Shogun Warriors 17 — #aComicaDay (43)

This cover caption has lived rent free in my heads for decades. You’re a kid… You’re flying a Shogun… And it’s really fun…. RIGHT? WRONG!

You're a kid... You're flying a Shogun... And it's really fun.... RIGHT? WRONG! is the caption as a terrified boy looks at a giant robot flying at him firing missiles

The local comic shop in my hometown started stocking American back issues sometime in the late eighties and every Wednesday I would go there and browse through to see what caught my eye. Shogun Warriors 17 was one of those. Not just one of the first American comics I ever bought, it may very well have been the very first mecha story I ever read.

Because that’s what Shogun Warriors was, a comic book based on a toy line that took the lead mecha from three different anime (Wakusei Robo Danguard Ace), Brave Raideen and Chōdenji Robo Combattler V) in an attempt to sell them to American children. Marvel was asked to create the comic as an advert for the toys and with only the toys as a reference, writer Doug Moench and artist Herb Trimpe invented a whole new story to go along with them, Trimpe also inventing the monsters the Shogun Warriors would fight. Nothing was carried over from the original stories these mecha appeared in; this isn’t even a Macross/Robotech situation.

What Moench and Trimpe invented was a story of a long ago war between the Followers of Light and the Followers of Dark, which the latter lost and after which they were sealed in a volcano. When its eruption threatened to revive the evil Follower of Dark Maur-Kon, a neat multinational three person squadron was formed to combat them, each given their own giant robot. Stuntman Richard Carson got Raydeen, test pilot Genji Odashu got Combatra and oceanographer Ilongo Savage got Dangard Ace, the coolest of the three. I’m not sure how much Moench and Trimpe knew about mecha anime or super sentai live action series, but the series sure reads like one, with the Warriors having to fight a series of monsters sent their way by Maur-Kon.

Shogun Warriors was created in 1978, at a time when Marvel did a lot of titles based on licensed properties and usually stuck them somewhere in the Marvel Universe. Moench and Trimpe had already done that with Godzilla before, while Micronauts, Rom, The Human Fly and Team America were launched at roughly the same time or slightly later. You could even argue that it all started with Conan the Barbarian: not explicitly set in the Marvel Universe at first, but once he got his first team-up with Spider-Man…

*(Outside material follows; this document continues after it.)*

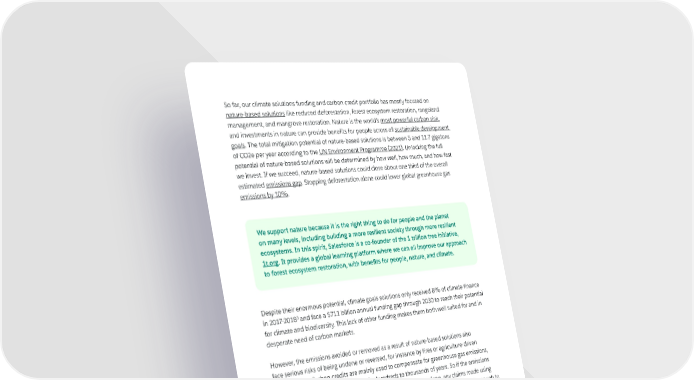 So far, our climate solutions funding and carbon credit portfolio has mostly focused on nature-based solutions like reduced deforestation, forest ecosystem restoration, rangeland management, and mangrove restoration. Nature is the world’s most powerful carbon sink, and investments in nature can provide benefits for people across all sustainable development goals. The total mitigation potential of nature-based solutions is between 5 and 11.7 gigatons of CO2e per year according to the UN Environment Programme (2021). Unlocking the full potential of nature-based solutions will be determined by how well, how much, and how fast we invest. If we succeed, nature-based solutions could close about one third of the overall estimated emissions gap. Stopping deforestation alone could lower global greenhouse gas emissions by 10%. We support nature because it is the right thing to do for people and the planet on many levels, including building a more resilient society through more resilient ecosystems. In this spirit, Salesforce is a co-founder of the 1 trillion tree initiative, 1t.org. It provides a global learning platform where we can all improve our approach to forest ecosystem restoration, with benefits for people, nature, and climate. Despite their enormous potential, climate goals solutions only received 8% of climate finance in 2017-20183 and face a $711 billion annual funding gap through 2030 to reach their potential for climate and biodiversity. This lack of other funding makes them both well suited for and in desperate need of carbon markets. However, the emissions avoided or removed as a result of nature-based solutions also face serious risks of being undone or reversed, for instance by fires or agriculture-driven deforestation. Carbon credits are mainly used to compensate for greenhouse gas emissions, which will remain in the atmosphere for hundreds to thousands of years. So if the emissions avoided or removed by a nature-based solutions project are undone, any claims made using the carbon credits from that project are no longer true. Some believe this risk is high enough to warrant stopping investments in nature via carbon markets entirely. However, forests and other ecosystems, if measured across large enough areas, are highly stable over millennia, and the science is clear: Nature in aggregate must play a major role in mitigating climate change. We believe the risk of reversal is motivation to improve the quality and durability of nature-based credits so they can reach their full potential. To that end, we’re working to develop new forms of carbon credits that further mitigate risks with partners like the LEAF coalition, which generates credits from entire countries and jurisdictions rather than more vulnerable individual projects. 3Source: https://nature4climate.org/news/a-snapshot-of-nbs-in-action-today/. 6 | A JUST TRANSITION TO A NET ZERO, NATURE POSITIVE WORLD
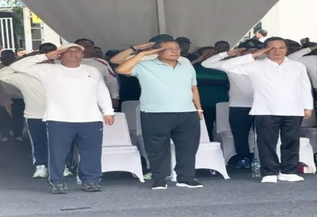 DAIRI – Bupati dan Wakil Bupati Dairi Terpilih, Vickner Sinaga dan Wahyu Daniel Sagala bersama 480 kepala daerah terpilih lainnya mengikuti latihan baris berbaris pada acara pengarahan Kementerian Dalam Negeri (Kemendagri) di Monas, Jakarta Pusat Selasa (18/2/2025).

Shogun Warriors greatest contribution to the Marvel Universe was Doctor Demonicus, a super genetic engineer making giant monsters out of mutated animals. He would later pop up in Roy and Dann Thomas’s Avengers West Coast as a major villain. The final two issues of the series had the Fantastic Four as guest stars and the Warriors would return the favour in a later issue of Fantastic Four in which the robots were destroyed to tie off all the loose ends from the series.

Issue 17 though is a simple story of a young boy who discovers Combatra having been hidden in an abandoned building in San Francisco and accidentally triggers the mechanism that transports him into the cockpit. Not knowing how to operate it, the poor kid is along for the ride as Combatra goes on a rampage and Raydeen has to stop him… The cover was probably more exciting than the actual story, but it hardly mattered at the time.